- _INFORMATION PROVIDED_
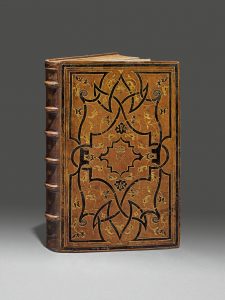 veau fauve, listel rehaussé de cire noire cerné de trois filets dorés en encadrement, important décor de listels noirs droits et courbes entrecroisés agrémenté d'arabesques au filet doré ponctué de gros fers azurés ou peints, cartouche central en réserve frappé postérieurement de l'initiale M couronnée, dos orné d'un fleuron azuré, coupes décorées, tranches dorées, boîte de maroquin rouge (Reliure parisienne de l'époque).
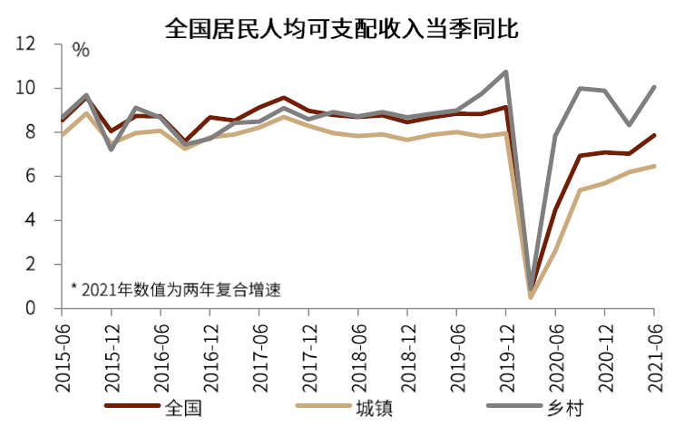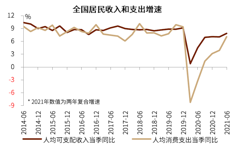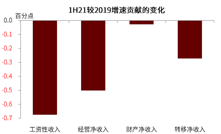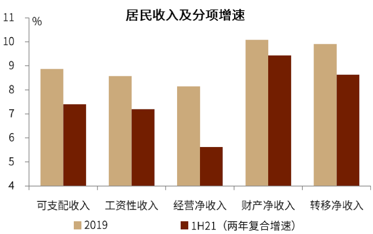 疫情爆发后,线下服务业恢复一直偏慢,可能是压制收入增速的主要原因,而消费意愿亦受到影响。2021年上半年全国居民人均可支配收入两年复合同比增长7.4%,较2019年增速下滑1.5个百分点,各分项收入增速均有回落。
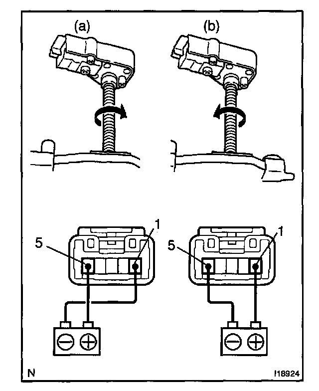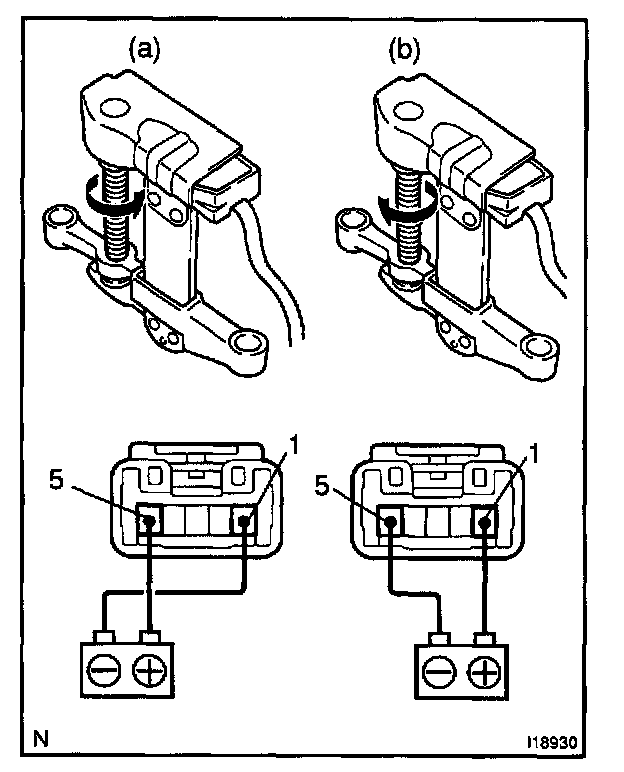 a. Connect the positive (+) lead from the battery to terminal 1, and the negative (-) lead to terminal 5, and check that the motor turns counterclockwise.
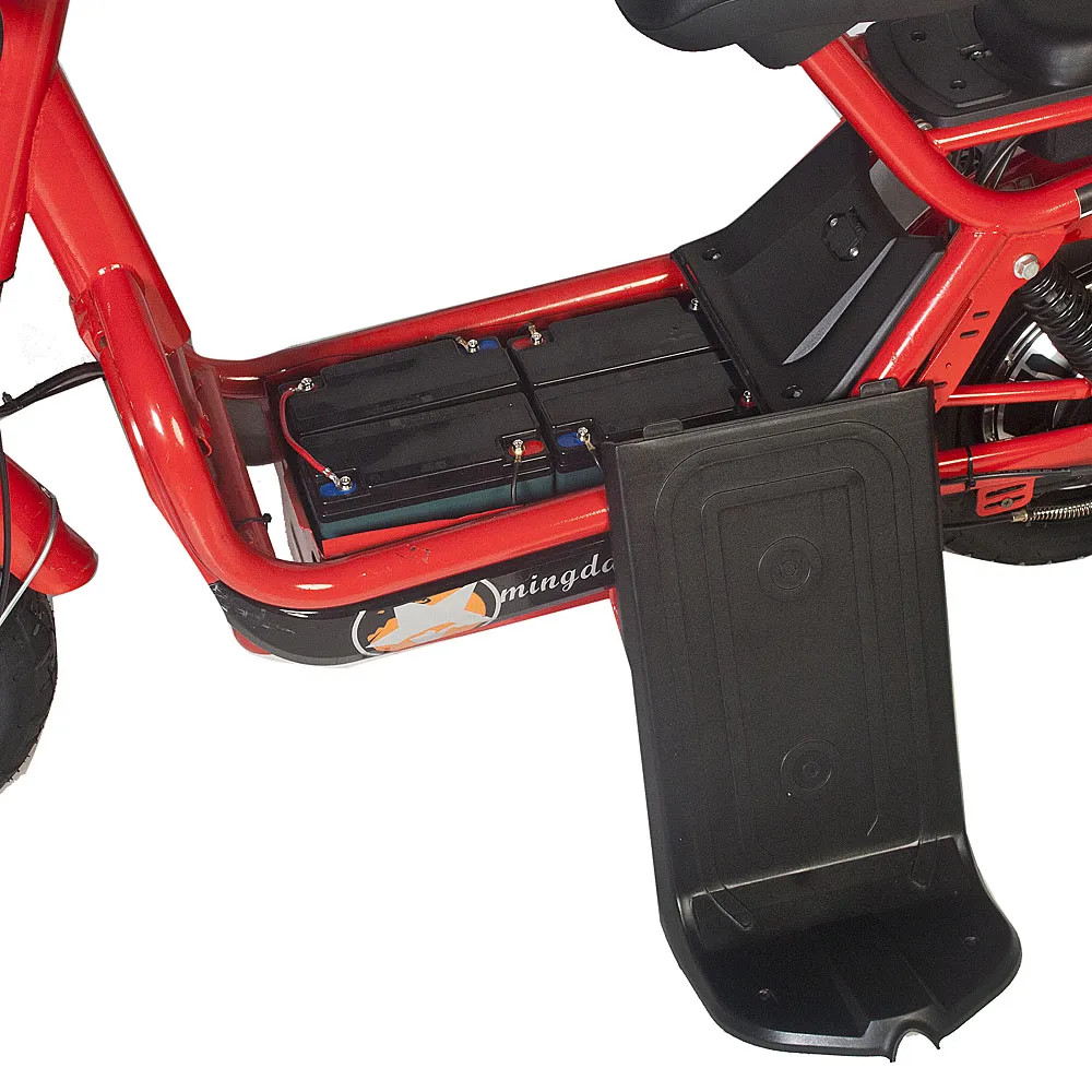 Сидение скутера выполнено из мягкой, прочной и долговечной эко-кожи и имеет прямую спинку для удобной посадки пользователя.  На руле установлены анатомические ручки тормоза, кнопки управления светом и переключением скоростей и ручка газа, сделанная из нескользящего материала. В комплекте к скутеру идут зеркала заднего вида, сидение с прямой спинкой для пассажира и корзинка для вещей, выдерживающая до 30 кг.

- _WORK REQUIRED_
Repeat only the lines from the one with "疫情爆发后,线下服务业恢复一" through the end of the data, both included and exactly as written. Pictures stay out of the copy.

- _SOLUTION TO THIS EXERCISE_
 疫情爆发后,线下服务业恢复一直偏慢,可能是压制收入增速的主要原因,而消费意愿亦受到影响。2021年上半年全国居民人均可支配收入两年复合同比增长7.4%,较2019年增速下滑1.5个百分点,各分项收入增速均有回落。
 a. Connect the positive (+) lead from the battery to terminal 1, and the negative (-) lead to terminal 5, and check that the motor turns counterclockwise.
 Сидение скутера выполнено из мягкой, прочной и долговечной эко-кожи и имеет прямую спинку для удобной посадки пользователя.  На руле установлены анатомические ручки тормоза, кнопки управления светом и переключением скоростей и ручка газа, сделанная из нескользящего материала. В комплекте к скутеру идут зеркала заднего вида, сидение с прямой спинкой для пассажира и корзинка для вещей, выдерживающая до 30 кг.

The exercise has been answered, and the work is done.